В десять часов на стол была подана нарезанная ломтями холодная отварная говядина с горчицей, которую все ели с неимоверным и далеко ее не достойным аппетитом, так что на мою долю едва достался самый крошечный кусочек. Затем, тотчас же после этого ужина, я откланялся и ушел домой, получив на прощанье приглашение приходить к ним вместе с maman по воскресеньям обедать.
Очутясь на тихих, озаренных луною улицах, я вздохнул полною грудью – и, глядя на открытую моим глазам с полугоры грандиозную местность Старого Киева, почувствовал, что все это добро зело… но не в том положении, в котором я был и к которому готовился.
Прославляемая «практичность» матушки приводила меня в некоторое смущение и начала казаться мне чем-то тягостным и даже прямо враждебным. Рассуждая о ней, я начинал чувствовать, что как будто этот бедный Серж тоже страдает от этой хваленой практичности. Боже мой, как мне это было досадно! Да и один ли Серж? А отец, а я, а. Христя?.. мне показалось, что мы все страдаем и будем страдать, потому что мы благородны, горячи, доверчивы и искренни, меж тем как она так практична!
Я был очень огорчен всем этим и шел опустив голову, как вдруг из-за угла одного дома, мимо которого пролегала моя дорога, передо мною словно выросли две тени:
они шли в том же направлении, в котором надлежало идти мне, и вели оживленный разговор.
Из этих двух теней одна принадлежала мужчине, а другая женщине – ив этой последней я заподозрил Христю, а через минуту убедился, что я нимало не ошибся: это действительно была она. Но кто же был мужчина? О! одного пристального взгляда было довольно:
это был Серж.
Убедясь в этом, я чувствовал, что у меня екнуло сердце, и уменьшил шаг. Я сделал это вовсе не с целью их подслушивать, а для того, чтобы не сконфузить их своим появлением; но вышло все-таки, что я мнмовольно учинился ближайшим свидетелем их сокровеннейшей тайны – тайны, в которой я подозревал суровое, жесткое, неумолимое участие моей матери и… желал ей неуспеха… Нет; этого мало: я желал ей более, чем неуспеха, и почувствовал в душе злое стремление стать к ней в оппозицию и соединиться с партиею, которая должна расстроить и низвергнуть все систематические планы, сочиненные ее угнетающею практичностью.

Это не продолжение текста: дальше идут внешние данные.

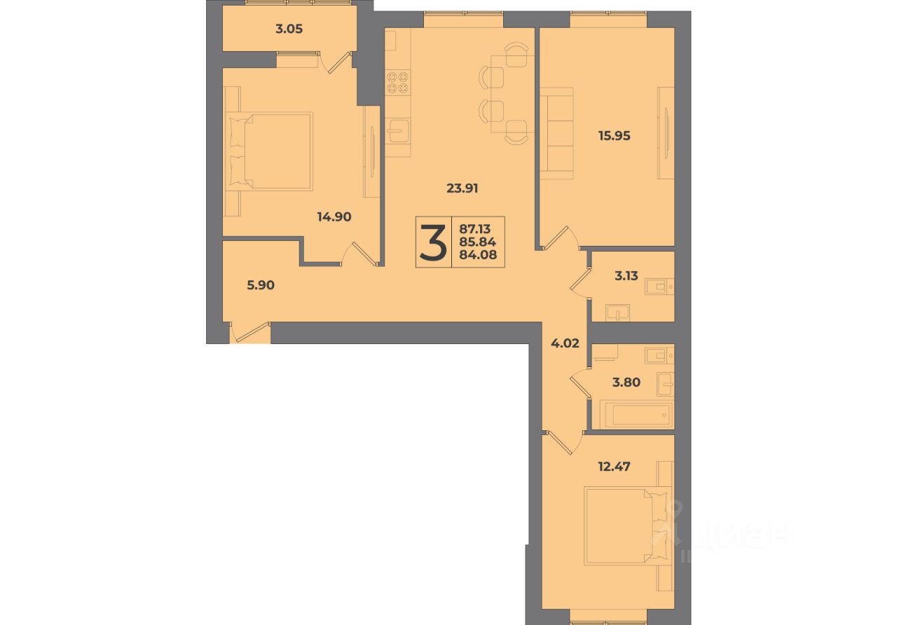 Продаётся 3-комнатная квартира в строящемся доме (Дом 8), срок сдачи: III-кв. 2026, общей площадью 87.13 кв.м., на 3 этаже. Жилой комплекс ''Родина'' представляет собой группу многоквартирных домов в Калининграде. В шаговой доступности от комплекса расположены детские сады, школа и поликлиника.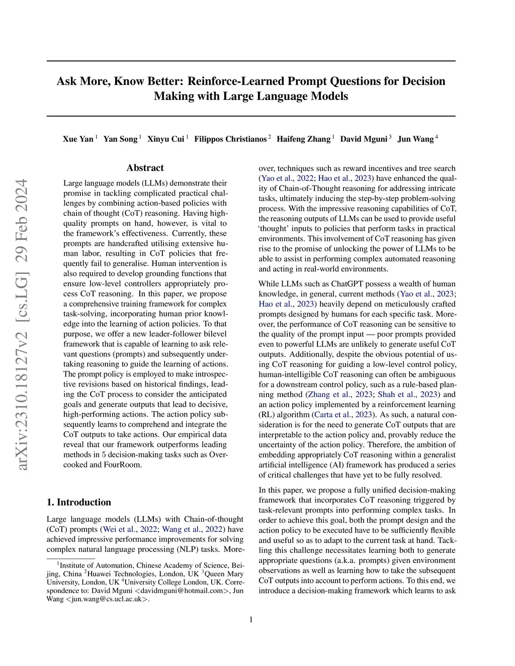 Large language models (LLMs) demonstrate their promise in tackling complicated practical challenges by combining action-based policies with chain of thought (CoT) reasoning. Having high-quality prompts on hand, however, is vital to the framework's effectiveness. Currently, these prompts are handcrafted utilising extensive human labor, resulting in CoT policies that frequently fail to generalise. Human intervention is also required to develop grounding functions that ensure low-level controllers appropriately process CoT reasoning. In this paper, we propose a comprehensive training framework for complex task-solving, incorporating human prior knowledge into the learning of action policies. To that purpose, we offer a new leader-follower bilevel framework that is capable of learning to ask relevant questions (prompts) and subsequently undertaking reasoning to guide the learning of actions. The prompt policy is employed to make introspective revisions based on historical findings, leading the CoT process to consider the anticipated goals and generate outputs that lead to decisive, high-performing actions. The action policy subsequently learns to comprehend and integrate the CoT outputs to take actions. Our empirical data reveal that our framework outperforms leading methods in decision-making tasks such as Overcooked and FourRoom.

Первые звуки разговора, которые долетели до меня от этой пары, были какие-то неясные слова, перемешанные не то с насмешкою, не то с укоризной. Слова эти принадлежали Сержу, который в чем-то укорял Христю и в то же время сам над нею смеялся. Он, как мне показалось, держал по отношению к ней тон несколько покровительственный, но в то же время не совсем уверенный и смелый: он укорял ее как будто для того, чтобы не вспылить и не выдать своей душевной тревоги.
Христя отвечала совсем иначе: в голосе ее звучала тревога, но речь ее шла с полным самообладанием и уверенностию, которые делали всякое ее слово отчетливым, несмотря на то, что она произносила их гораздо тише. Начав вслушиваться, я хорошо разобрал, что она уверяла своего собеседника, будто не имеет ни на кого ни в чем никакой претензии; что она довольна всеми и сама собой, потому что поступила так, как ей должно было поступить.
Серж опять искусственно рассмеялся.
– Что же? я радуюсь, что ты так весел, – молвила в ответ на это Христя, но мне показалось, что эта неуместная веселость ее обидела, и она тихо сняла руку с его локтя.
– Зачем же ты отнимаешь у меня свою руку? – спросил Серж.
Христя промолчала.
– Слышите ли вы, Харитина Ивановна? – повторил он шутливо, – я вас спрашиваю: зачем вы отнимаете у меня свою руку?
– Так нам обоим удобнее идти, чтобы не сбить друг друга в грязь.
– Это острота или каламбур?
– Право, ни то, ни другое, Серж, и вы бы мне, кажется, могли поверить, что мне едва ли до острот.
– Но кто же, кто всему этому виноват? – вскричал нетерпеливо Серж.
– Никто не виноват! все это идет само собою так, как ему должно быть.
– Мать моя, наконец, ведь согласна на нашу свадьбу. Что же еще тебе нужно?
Христя молчала.
– Неужто тебя могут останавливать или стеснять глупые толки этого кабана, моего дяди, или моих дур-тетушек? Где же твои уверения, что тебя не может стеснять ничье постороннее мнение? Ты, значит, солгала, когда говорила, что любишь меня и тебе все равно, хоть бы весь мир тебя за это возненавидел…
Христя снова промолчала и ступала тихо и потерянно глядя себе под ноги.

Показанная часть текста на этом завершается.